▸ The problem:
Leave out the pictures and retype, exactly, the lines below from the line with "With an impressive" up to and including the line with "Gessi Origini Bateria", nothing more.

▸ Data supplied:

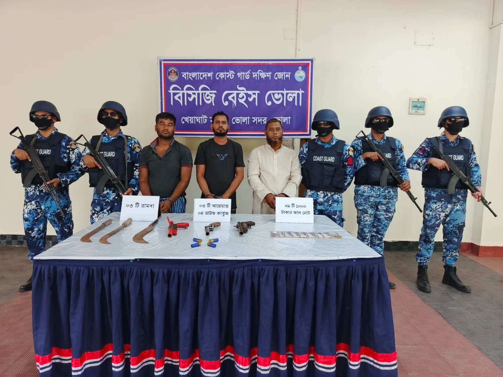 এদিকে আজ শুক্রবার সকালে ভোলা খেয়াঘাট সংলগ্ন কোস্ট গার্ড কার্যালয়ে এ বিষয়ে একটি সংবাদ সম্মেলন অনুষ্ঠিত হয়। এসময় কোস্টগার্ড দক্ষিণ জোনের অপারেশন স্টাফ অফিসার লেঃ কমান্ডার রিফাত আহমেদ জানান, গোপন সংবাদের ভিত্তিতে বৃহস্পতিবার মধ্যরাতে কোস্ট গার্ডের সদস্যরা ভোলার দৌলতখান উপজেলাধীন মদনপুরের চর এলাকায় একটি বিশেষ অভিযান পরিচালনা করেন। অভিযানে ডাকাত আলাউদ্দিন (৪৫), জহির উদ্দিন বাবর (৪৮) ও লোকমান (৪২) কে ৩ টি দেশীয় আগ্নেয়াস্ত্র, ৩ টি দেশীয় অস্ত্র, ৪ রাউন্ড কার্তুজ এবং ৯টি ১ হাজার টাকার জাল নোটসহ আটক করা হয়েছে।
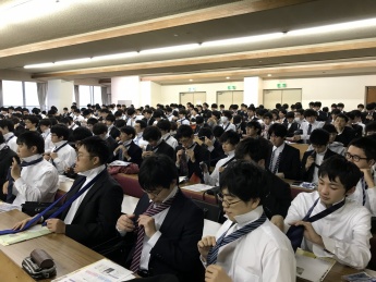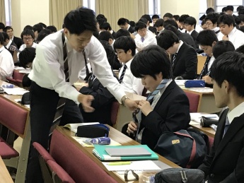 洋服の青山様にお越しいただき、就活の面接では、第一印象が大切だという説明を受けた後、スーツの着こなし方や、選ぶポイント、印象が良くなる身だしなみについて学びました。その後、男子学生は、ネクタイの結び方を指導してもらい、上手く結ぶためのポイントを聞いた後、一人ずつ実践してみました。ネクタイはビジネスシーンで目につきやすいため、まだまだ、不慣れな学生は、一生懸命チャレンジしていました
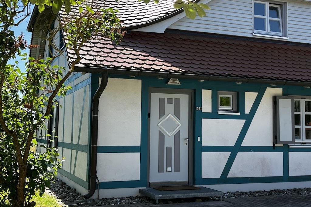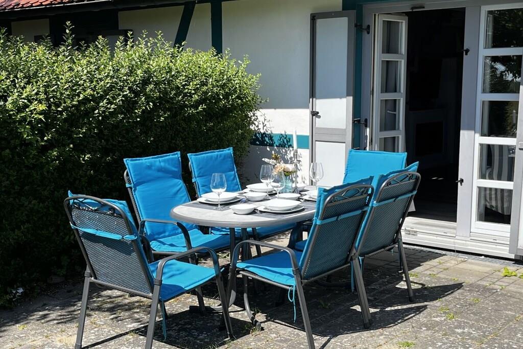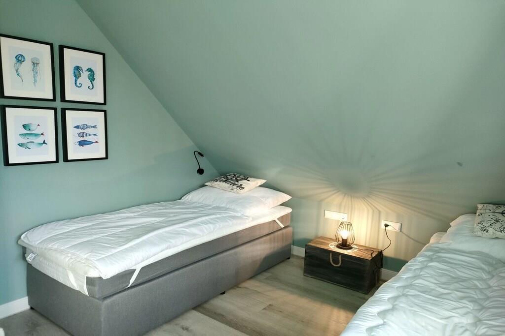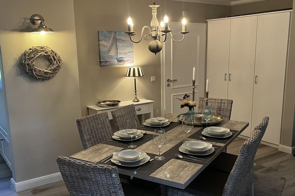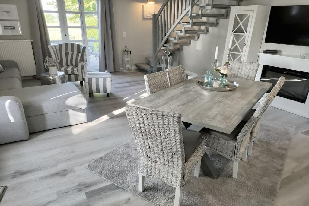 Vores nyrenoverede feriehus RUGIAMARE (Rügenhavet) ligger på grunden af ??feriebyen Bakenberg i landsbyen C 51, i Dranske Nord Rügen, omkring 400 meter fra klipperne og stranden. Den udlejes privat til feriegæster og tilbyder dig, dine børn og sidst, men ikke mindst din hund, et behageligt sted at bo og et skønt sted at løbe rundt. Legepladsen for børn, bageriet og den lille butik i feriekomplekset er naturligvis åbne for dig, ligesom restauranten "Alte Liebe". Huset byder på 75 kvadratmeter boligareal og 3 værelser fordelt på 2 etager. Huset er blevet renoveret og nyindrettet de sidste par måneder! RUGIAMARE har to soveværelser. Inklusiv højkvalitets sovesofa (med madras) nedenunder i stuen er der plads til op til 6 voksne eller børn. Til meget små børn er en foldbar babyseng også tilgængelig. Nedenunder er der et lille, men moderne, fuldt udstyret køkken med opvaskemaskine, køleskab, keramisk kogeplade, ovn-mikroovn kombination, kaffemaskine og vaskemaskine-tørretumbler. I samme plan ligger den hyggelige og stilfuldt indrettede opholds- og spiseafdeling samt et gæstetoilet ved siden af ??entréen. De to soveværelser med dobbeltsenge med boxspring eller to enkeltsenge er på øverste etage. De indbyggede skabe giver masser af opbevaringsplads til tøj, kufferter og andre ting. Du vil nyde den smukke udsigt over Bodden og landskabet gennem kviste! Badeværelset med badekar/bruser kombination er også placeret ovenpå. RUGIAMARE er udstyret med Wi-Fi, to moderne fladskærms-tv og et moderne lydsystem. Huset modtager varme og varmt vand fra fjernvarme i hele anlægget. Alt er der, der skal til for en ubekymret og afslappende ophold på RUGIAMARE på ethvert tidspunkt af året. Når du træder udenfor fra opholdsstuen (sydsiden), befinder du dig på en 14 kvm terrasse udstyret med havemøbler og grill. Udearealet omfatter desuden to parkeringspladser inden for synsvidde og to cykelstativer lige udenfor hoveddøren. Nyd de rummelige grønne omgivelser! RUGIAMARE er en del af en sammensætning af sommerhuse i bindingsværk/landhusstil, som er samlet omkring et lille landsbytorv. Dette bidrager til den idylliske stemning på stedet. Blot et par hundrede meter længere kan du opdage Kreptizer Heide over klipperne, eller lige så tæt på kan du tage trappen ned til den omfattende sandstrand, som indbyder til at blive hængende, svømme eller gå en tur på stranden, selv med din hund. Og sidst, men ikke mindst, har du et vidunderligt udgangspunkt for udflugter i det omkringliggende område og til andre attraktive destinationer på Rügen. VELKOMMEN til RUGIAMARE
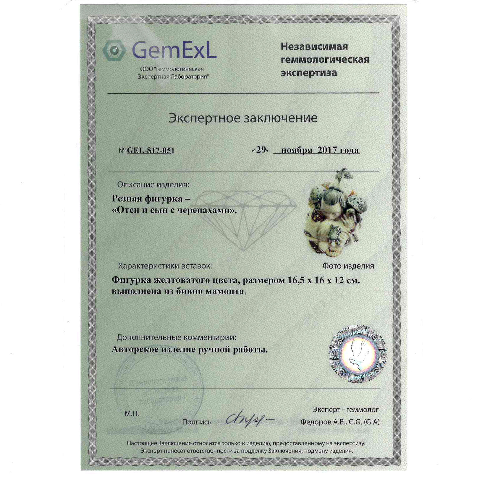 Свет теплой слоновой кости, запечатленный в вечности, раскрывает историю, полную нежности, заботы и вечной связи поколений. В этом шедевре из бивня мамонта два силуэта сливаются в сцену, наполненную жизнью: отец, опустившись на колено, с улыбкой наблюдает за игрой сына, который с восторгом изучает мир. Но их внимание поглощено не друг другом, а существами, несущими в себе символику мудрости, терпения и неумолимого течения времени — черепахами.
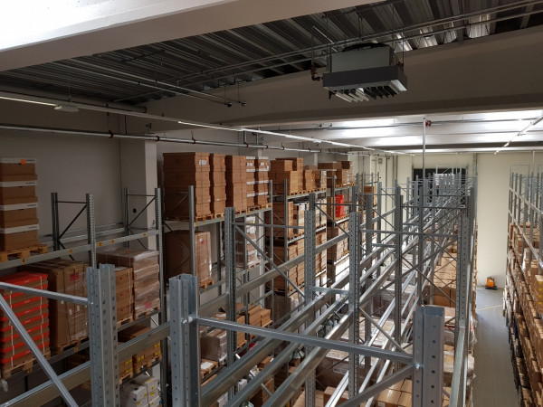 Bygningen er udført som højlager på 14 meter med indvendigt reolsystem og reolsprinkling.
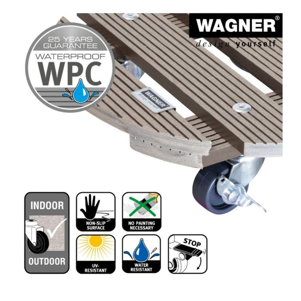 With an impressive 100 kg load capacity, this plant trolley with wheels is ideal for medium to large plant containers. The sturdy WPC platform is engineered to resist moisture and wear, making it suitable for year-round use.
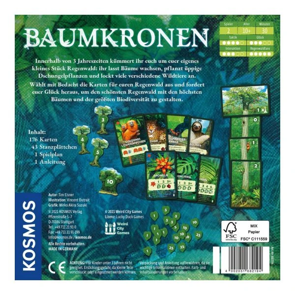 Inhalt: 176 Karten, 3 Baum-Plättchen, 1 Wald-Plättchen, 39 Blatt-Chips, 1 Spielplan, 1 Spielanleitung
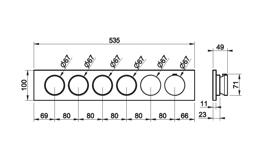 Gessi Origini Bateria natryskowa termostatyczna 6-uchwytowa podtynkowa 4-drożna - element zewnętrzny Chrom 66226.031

==

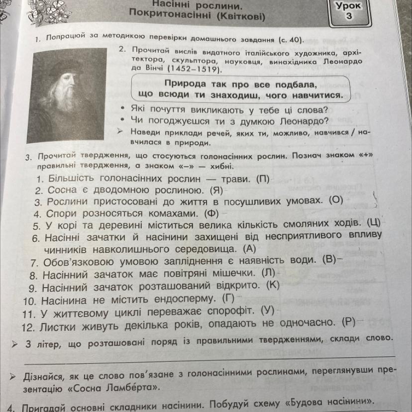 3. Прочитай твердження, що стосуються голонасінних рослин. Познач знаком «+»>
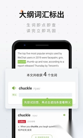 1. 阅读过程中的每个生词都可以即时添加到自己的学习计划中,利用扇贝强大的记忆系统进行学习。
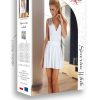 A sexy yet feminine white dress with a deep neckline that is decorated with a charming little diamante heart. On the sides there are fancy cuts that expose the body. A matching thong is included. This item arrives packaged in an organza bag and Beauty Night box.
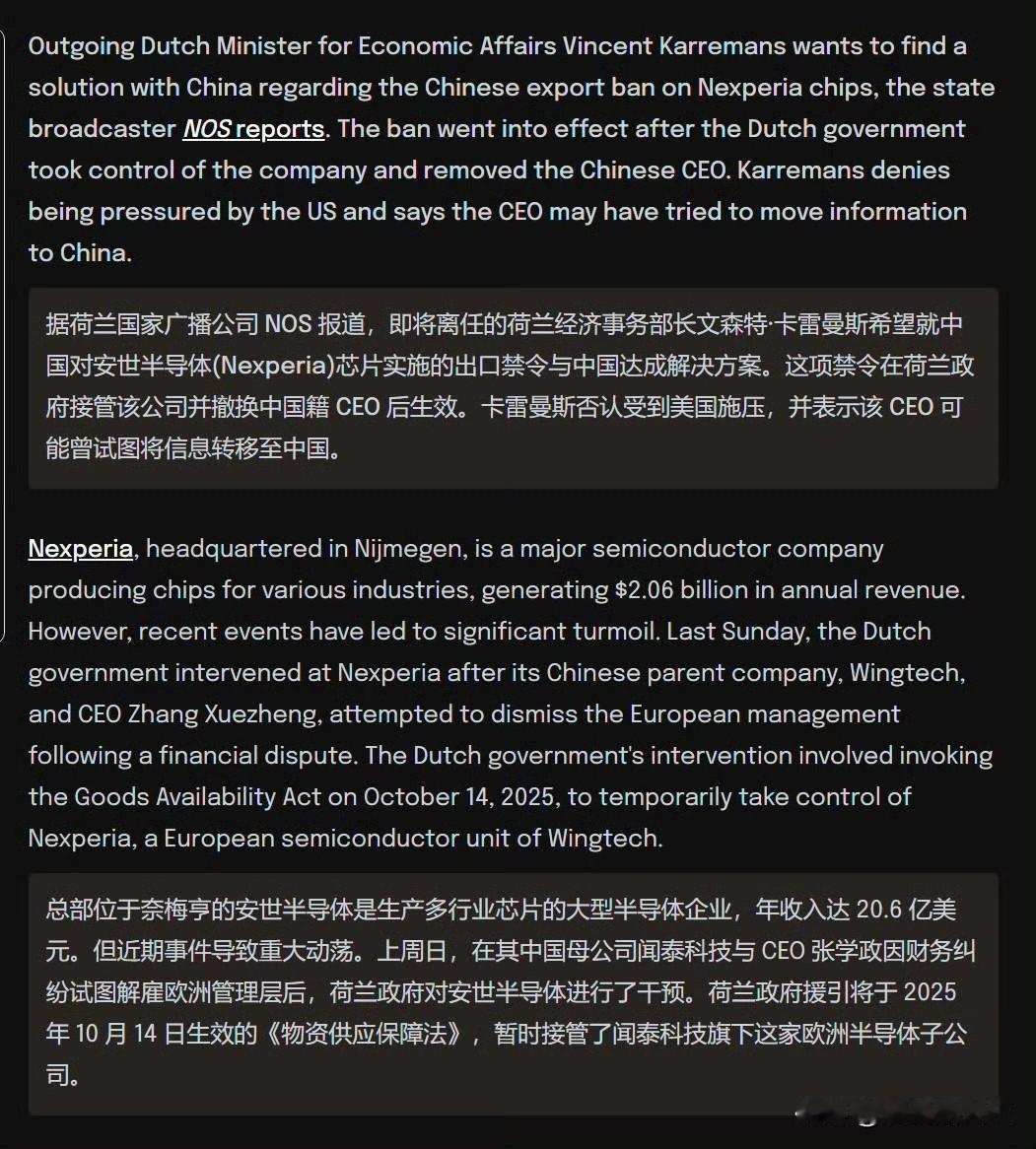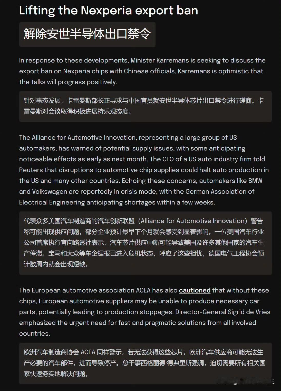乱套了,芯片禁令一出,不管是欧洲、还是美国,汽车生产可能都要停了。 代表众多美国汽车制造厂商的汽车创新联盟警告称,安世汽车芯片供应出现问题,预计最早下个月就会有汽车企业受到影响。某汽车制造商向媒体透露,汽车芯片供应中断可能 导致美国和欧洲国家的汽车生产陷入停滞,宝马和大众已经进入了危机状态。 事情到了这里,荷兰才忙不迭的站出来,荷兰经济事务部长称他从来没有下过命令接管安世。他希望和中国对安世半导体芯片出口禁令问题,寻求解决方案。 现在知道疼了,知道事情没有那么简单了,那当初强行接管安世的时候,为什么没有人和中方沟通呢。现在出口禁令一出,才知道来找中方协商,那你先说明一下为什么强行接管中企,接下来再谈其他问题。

▸ Output of the exercise:
 With an impressive 100 kg load capacity, this plant trolley with wheels is ideal for medium to large plant containers. The sturdy WPC platform is engineered to resist moisture and wear, making it suitable for year-round use.
 Inhalt: 176 Karten, 3 Baum-Plättchen, 1 Wald-Plättchen, 39 Blatt-Chips, 1 Spielplan, 1 Spielanleitung
 Gessi Origini Bateria natryskowa termostatyczna 6-uchwytowa podtynkowa 4-drożna - element zewnętrzny Chrom 66226.031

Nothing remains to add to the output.